Sadly, the Government’s Land Tax adds considerably to the cost of rental accommodation, which traps many families or individuals and puts more pressure on the public system.

Natalie O'Hara10:14 am 12 May 22

I think people need to be respectful of the opportunity given to them in understanding that they were given safe homes designated to their needs at the time of allocation.
If their needs have changed (no longer having children at home or income status) or more suitable accommodation can be provided (disability) then holding on to a home for personal reasons and withholding another person the right to the same opportunity is understandably unfair.
Although i do believe more support with relocation and mental health need to be addressed.
Costs of moving, stress of packing and unpacking can be overwhelming for those that may not be able to do it on their own.
Houses that require extensive repair are only wasting resources better spent providing homes and support for people within the ACT housing community.

If people could rent out a room in their house or flat (that they are living in) without paying Land Tax, this might help some people find a place to live. Imagine what a disincentive needing to pay land tax is for the low rent received on a single room. That’s likely to eat up most if not all of the rent received, as the rent for one room is a fraction of the rent for a whole house.
When I was younger, before Land Tax, I rented out rooms. It was good for both parties. A reasonably priced room and I got money to help pay the mortgage.

https://www.revenue.act.gov.au/land-tax?result_1060955_result_page=6#:~:text=Nil%20or%20nominal%20rent%20arrangement,have%20to%20pay%20land%20tax.

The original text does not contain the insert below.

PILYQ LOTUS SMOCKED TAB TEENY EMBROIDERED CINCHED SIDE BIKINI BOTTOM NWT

[“If your home is occupied by a person rent-free, you do not have to pay land tax.
If the occupant does pay you nominal rent (only enough to cover the cost of rates, repairs, maintenance and insurance for the property) you do not have to pay land tax. If the rent is above this amount land tax will apply.”]

Imagine the Land Tax (normally for a whole rented hose) being applied to $100 to $200 (a week) for a single room. Land Tax is about $87 a week where I live. That’s a big chunk out of a single room rent, and a huge disincentive to rent out a room and give someone a place to stay. I imagine these days fewer people rent out rooms in their house, which is a lost supply of accommodation, and so those rooms sit empty.

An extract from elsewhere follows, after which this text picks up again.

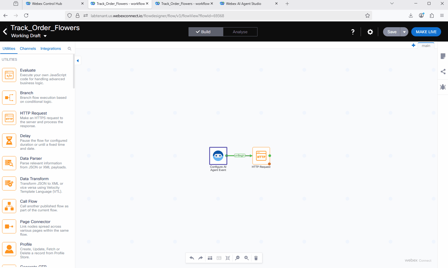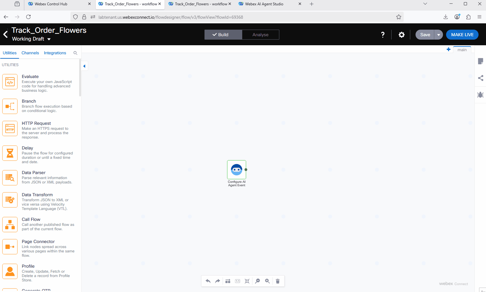 Task 3. Configure Fulfillment flow in Webex Connect.

Natalie O'Hara4:14 pm 12 May 22

The only risk with renting rooms is the danger vunrable people are put in with a tenant they accommodate.
Its difficult to find a respectable tenant in private accommodation at times but to mix tenants with mental health, disability, addiction or DV history.
Not only make the housing applicant difficult to accommodate towards others but also place them in unnecessary risks of further difficult situations where its difficult to navigate due to mental health if things turn for the worst.
If there is strict guidelines and support for these particular circumstances then its possible, but i feel it would have to be strategically planned and implemented.

It’s disgusting that one person can hold a government house for life when there’s a huge wait for families. They should be forced to move to size appropriate housing, after all they don’t even own it

So families with children are suppose to remain on the waiting list, while one or two people occupy a large house? And those staying in the house complain – disgustingly selfish!!!

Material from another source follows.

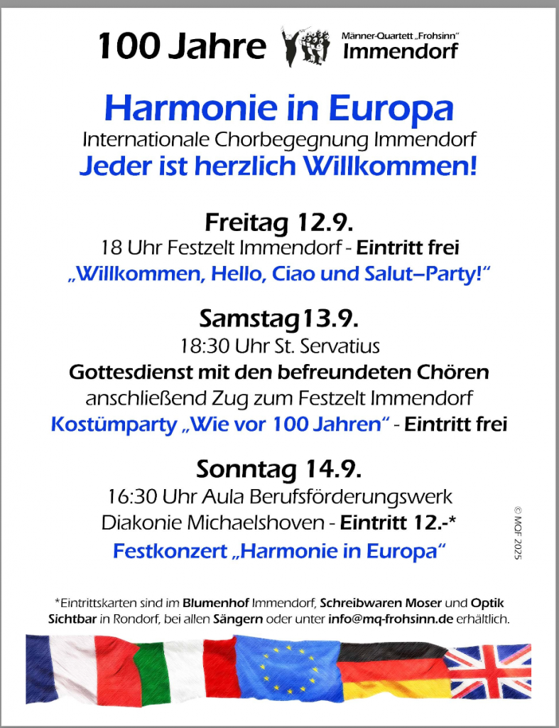 Am Samstag, 6. September, ab 14 Uhr lädt die Evangelische Kirchengemeinde Rodenkirchen herzlich zum Gemeindefest auf die Wiese und den Kindergartenparkplatz an der Erlöserkirche, Sürther Straße 34 ein. Bei Andacht, Musik und einem abwechslungsreichen Programm für alle Altersgruppen wird bis in den Abend gemeinsam gefeiert. Freuen können sich die Gäste auf Kaffee und Kuchen, Pommes […]

a lot is two words3:09 pm 11 May 22

Soooo based on pretty much every comment here and your own poll that you link to in the article (which shows 76% of respondents were supportive of the relocations and only 24% thought tenants shouldn’t be made to move)….. the open letter is a pretty unpopular view. You have public housing tenants AND the majority of the public saying this program is a good thing. Write about that! Your headlines on this topic are all so biased and clearly aren’t reflecting community views.

People would be shocked to know exactly how many stand-alone homes there are in Canberra, on big blocks of land, with only one occupant.
While families sit on wait-lists and live in cars/streets/sheds.

As long as the funds from these homes ARE spent on building multiple new homes, I say those who complain are extremely selfish.